Myths about tape block sizes

Fri Dec 14 15:39:29 AEST 1990

In v9n397, wsrcc!wolfgang at uunet.uu.net (Wolfgang S. Rupprecht) writes:
>SCSI itself has a similar limit.  Thats why one can't get more than 126
>blocks of 512 bytes in one tape read or write.

Ideas like this have tended to propagate into the lore about parameters
you should specify to user-level tape commands.  For example,

	setenv TAPE /dev/nrst8
	tar cvbfle 126 $TAPE tree

has often been considered the way to "efficiently" create a QIC-24 tape
archive.  However, regardless of whether such a limitation exists at the
hardware level, current SunOS releases (I use 4.0.1 on a 3/50) do a good
job of hiding this from the user.  For a long time I, too, didn't
understand this, and I often waited hours as my 1/4" cartridge drive sawed
back and forth.  Recently, though, I have run experiments which prove that
much larger user block sizes work just fine, and FAR FASTER.  For example,

	dd if=diskfile of=$TAPE bs=1000b

can be used to transfer the given diskfile (if its size is a multiple of
512 bytes).  This block size is a big improvement over "bs=126b".  Reading
the tape back afterwards with

	dd if=$TAPE bs=1000b | cmp - diskfile

proves that the data was written correctly.  (I don't know how much of a
performance difference it makes, but note that I often access files from a
remote-mounted filesystem [Wren, 3/60] in such transfers.)

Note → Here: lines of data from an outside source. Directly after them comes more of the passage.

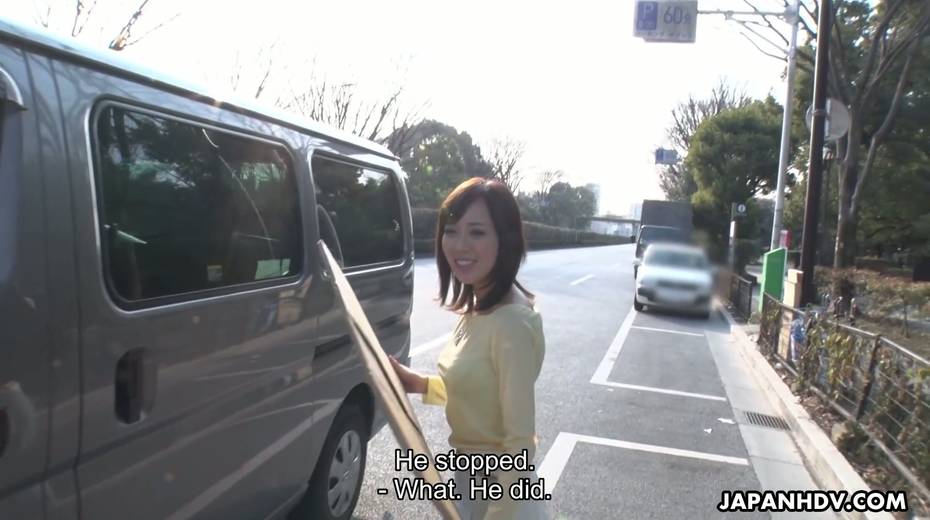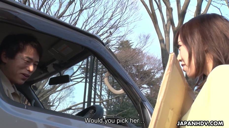 Whorish Asian chick Shiori Yamate gives a blowjob to one stranger driver
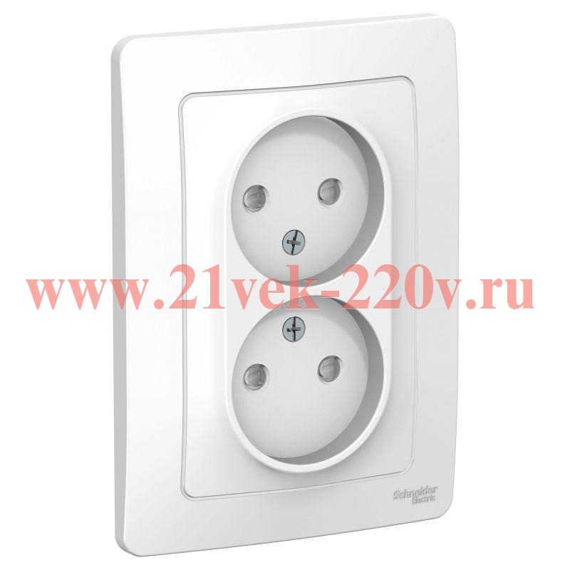 Двухпостовая розетка скрытого монтажа (встраиваемая) без заземления, с защитными шторками, Бланка Систем Электрик, белого цвета
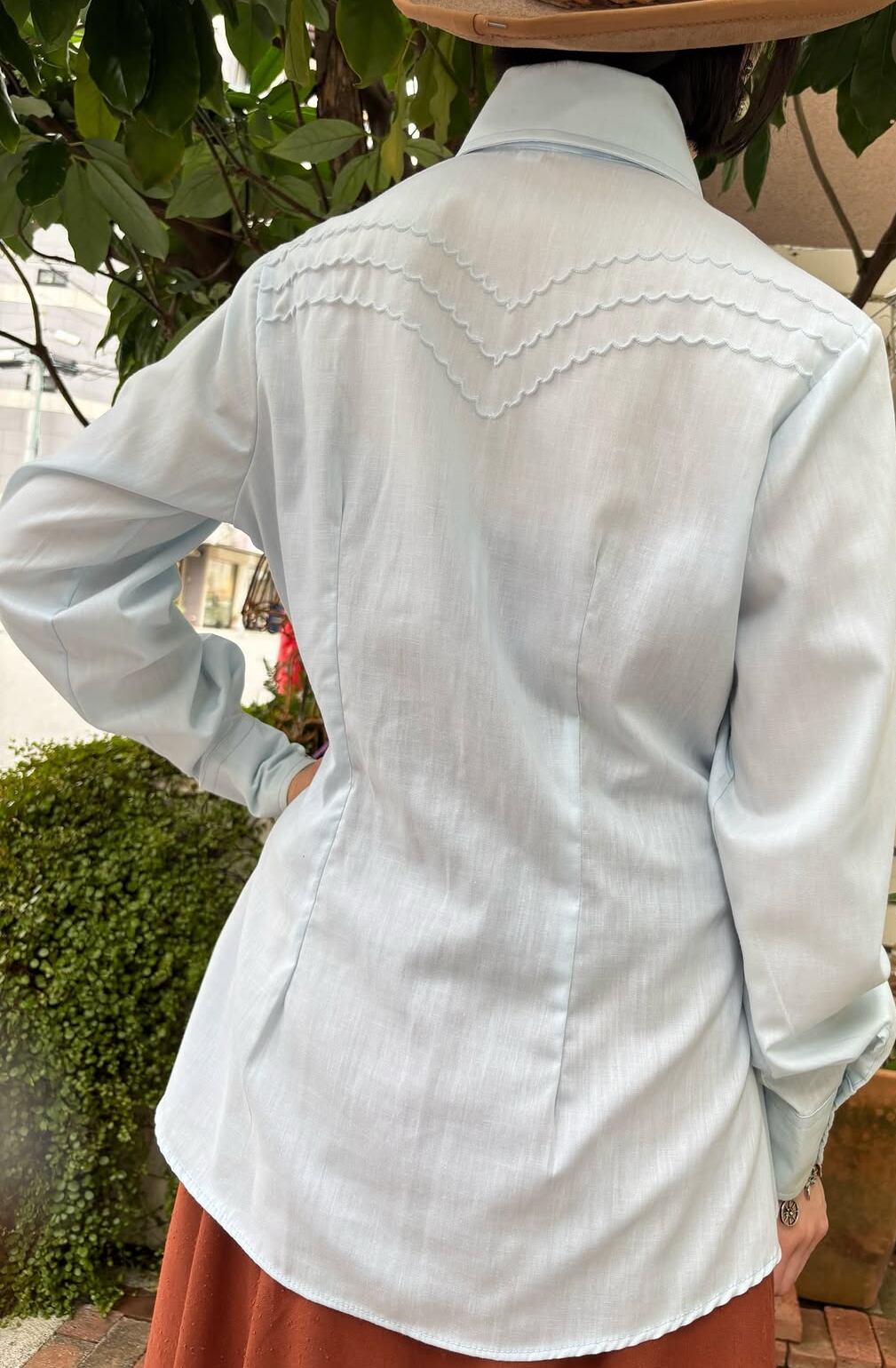 ペールトーンなブルーと前身頃とヨークの波のような刺繍がフェミニンな印象!
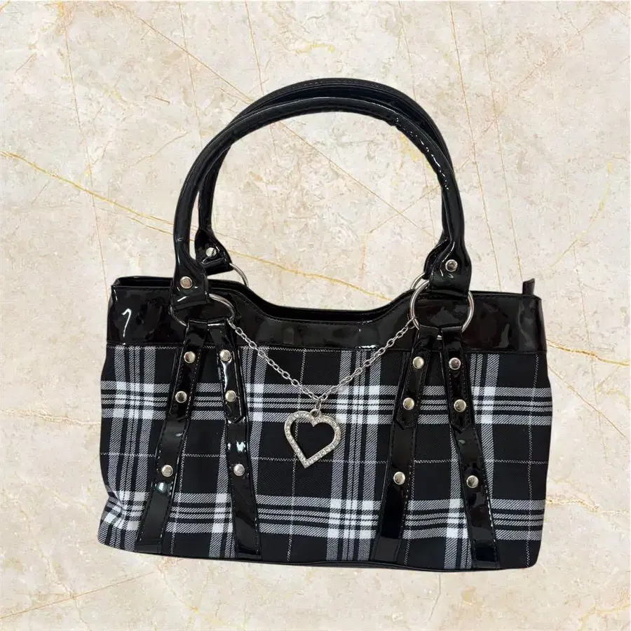 y2k 히메 스타일 갸루 페어리 그런지 체크 하트 백 블랙
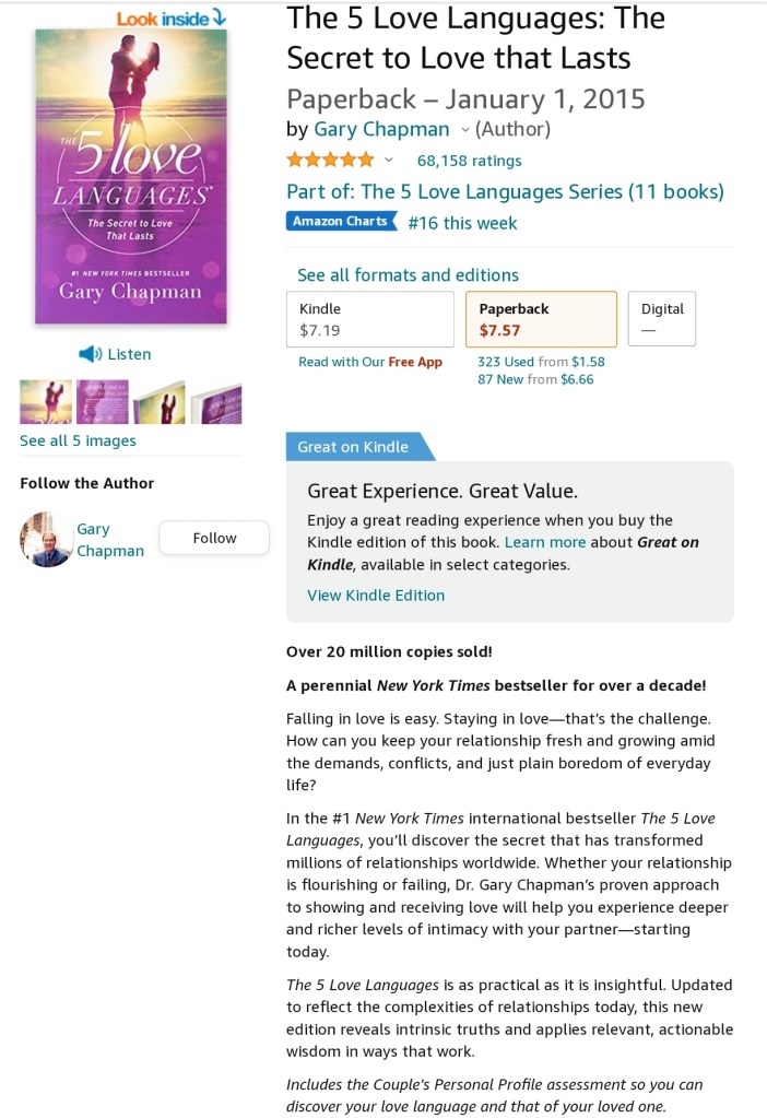 Basically, Gary Chapman breaks it down to 5 Languages of Love. Everyone is different, therefore, they want to be shown love differently. 1) The person that wants words of affirmation. 2) The person that wants quality time. 3) The person that wants physical touch. 4) The person that wants acts of service. And, 5) The person that wants to receive gifts. There are quizzes and more within his books to help define you and what you are looking for at your core, and your partner(s).

Now my only questions are, now that we know the hardware value is not the
limit, what is the actual limit, and what is the optimal block size to
specify on tar, dd, and similar commands?  Certainly the optimal size must
be a tradeoff between the speed of the *disk* (and/or network connection)
you're reading from / writing to, and the time penalty for stopping and
starting the tape drive.  You want to advantageously overlap disk and tape
i/o, just as network analysts have found that optimal network throughput
is achieved not by huge blocks, but by balancing the time spent in
generating the data with the time spent in communicating it.  The best
performance comes when both the CPU and the network are simultaneously
active, not when one has to wait for the other to finish handling a large
block.  In the case of a QIC tape, however, the cost of starting and
stopping the streaming action to a large extent seems to outweigh the cost
of non-overlapping computation and communication.

So now that the truth is revealed, has anyone done more extensive testing,
and could they provide some guidance to all of us so we can collectively
save years of wasted time?